What the task requires:
Copy out the data in full and exactly, passing over the pictures.

Supplied information:

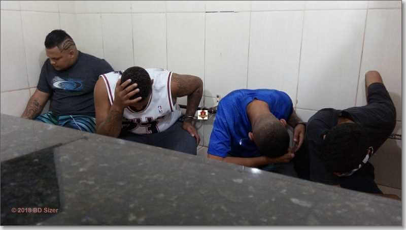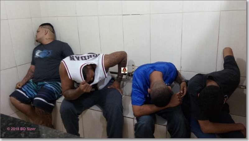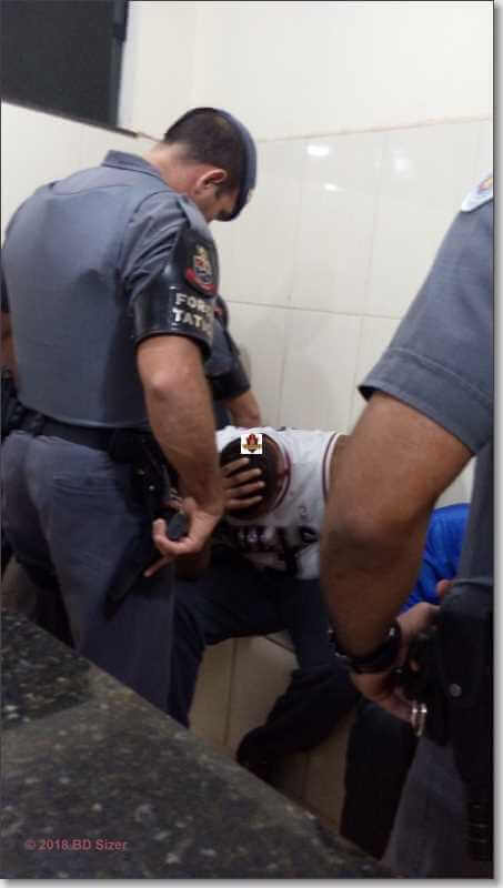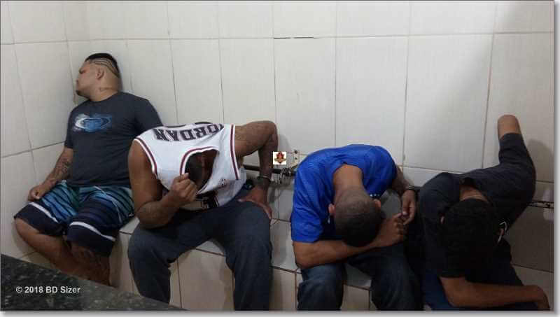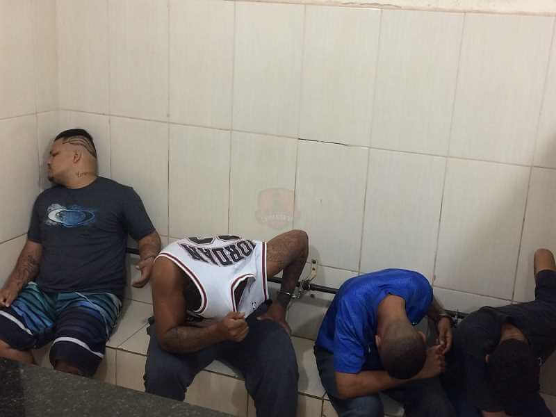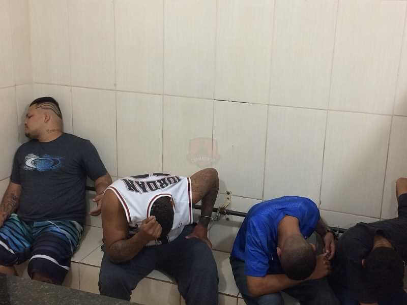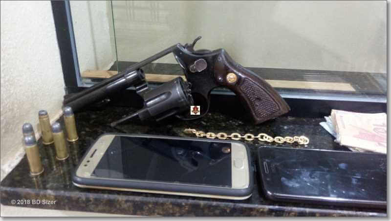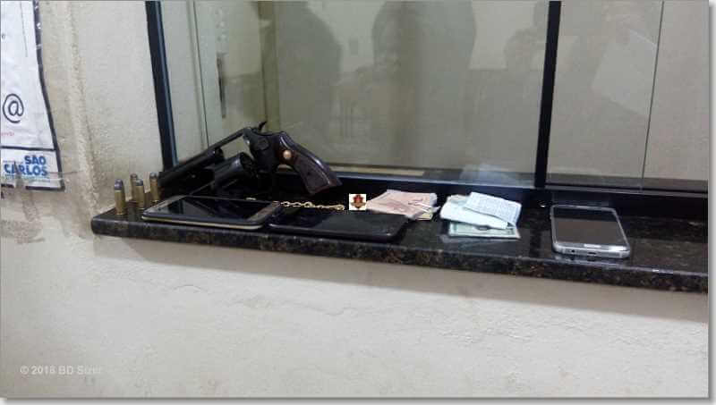 Segundo informações, 4 marginais em poder de arma de fogo adentraram ao local e mediante muito gritos e ameaças ordenaram que todos deitassem no chão e praticaram o roubo. Eles roubaram também bolsas, carteiras e celulares dos clientes. Depois fugiram, mas para o azar dos mesmos, dentro de uma bolsa havia um celular que rastreava. A vítima dona do celular passou todas as coordenadas para a PM. O celular indicava que estava pela rodovia Washington Luís, sentido Ibaté. Um cerco foi montado e o carro que os suspeitos estavam foi abordado na entrada do bairro Jd. Cruzado. No veículo, segundo a PM, foram localizados diversos objetos roubados e também um revólver calibre 38 municiado. Os detidos foram eles Caique Junior Machado. C, de 24 anos, morador no bairro Jd. Medeiros em São Carlos, Vitor Afonso. RT. G, de 21 anos, morador no bairro Jd. Cruzado em Ibaté, Jhonatan. L. D, de 22 anos, morador no bairro Jd. Cruzado II e Luís. E. de Jesus, de 19, morador no Icaraí, em Ibaté. Todos encaminhados ao Plantão Policial, autuados em flagrante por roubo pelo delegado, Dr. Caio Iberé Gobato e recolhidos ao Centro de Triagem de São Carlos.
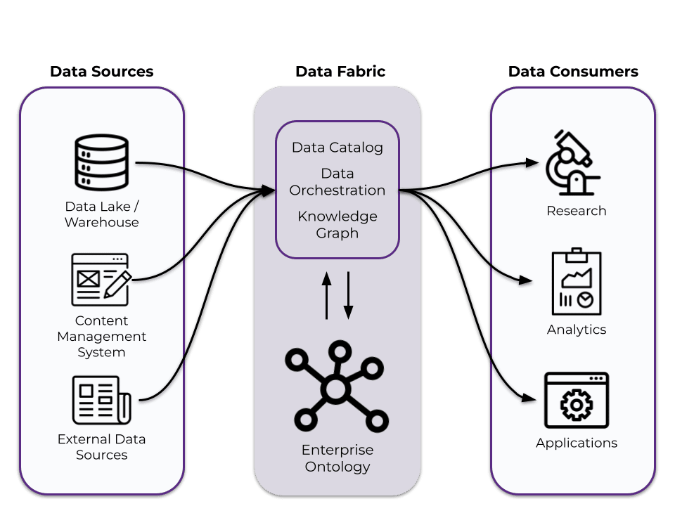 An architecture diagram showing a data fabric layer mediating between data sources and data consumers. The data fabric is comprised of an enterprise ontology and other systems such as a data catalog, data orchestration, and a knowledge graph. Information about data sources (such as a data lake, data warehouse, content management system, or external data sources) flows into the data fabric, which connects that information with data consumers (such as research teams, analysts, and applications).
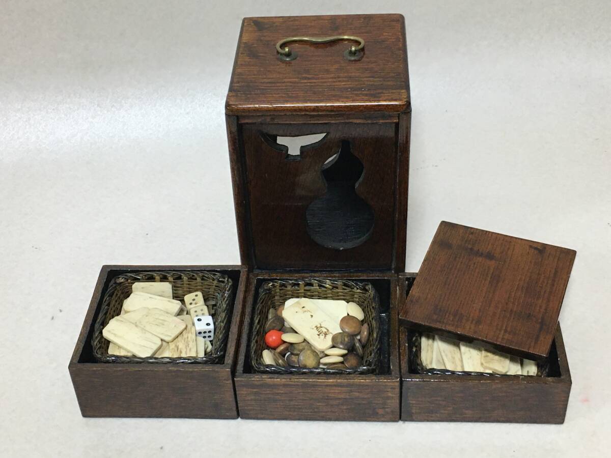- 【E166】八八花札セット 瓢箪透かし木箱 籠 アンティーク

Response to the exercise:
 Segundo informações, 4 marginais em poder de arma de fogo adentraram ao local e mediante muito gritos e ameaças ordenaram que todos deitassem no chão e praticaram o roubo. Eles roubaram também bolsas, carteiras e celulares dos clientes. Depois fugiram, mas para o azar dos mesmos, dentro de uma bolsa havia um celular que rastreava. A vítima dona do celular passou todas as coordenadas para a PM. O celular indicava que estava pela rodovia Washington Luís, sentido Ibaté. Um cerco foi montado e o carro que os suspeitos estavam foi abordado na entrada do bairro Jd. Cruzado. No veículo, segundo a PM, foram localizados diversos objetos roubados e também um revólver calibre 38 municiado. Os detidos foram eles Caique Junior Machado. C, de 24 anos, morador no bairro Jd. Medeiros em São Carlos, Vitor Afonso. RT. G, de 21 anos, morador no bairro Jd. Cruzado em Ibaté, Jhonatan. L. D, de 22 anos, morador no bairro Jd. Cruzado II e Luís. E. de Jesus, de 19, morador no Icaraí, em Ibaté. Todos encaminhados ao Plantão Policial, autuados em flagrante por roubo pelo delegado, Dr. Caio Iberé Gobato e recolhidos ao Centro de Triagem de São Carlos.
 An architecture diagram showing a data fabric layer mediating between data sources and data consumers. The data fabric is comprised of an enterprise ontology and other systems such as a data catalog, data orchestration, and a knowledge graph. Information about data sources (such as a data lake, data warehouse, content management system, or external data sources) flows into the data fabric, which connects that information with data consumers (such as research teams, analysts, and applications).
- 【E166】八八花札セット 瓢箪透かし木箱 籠 アンティーク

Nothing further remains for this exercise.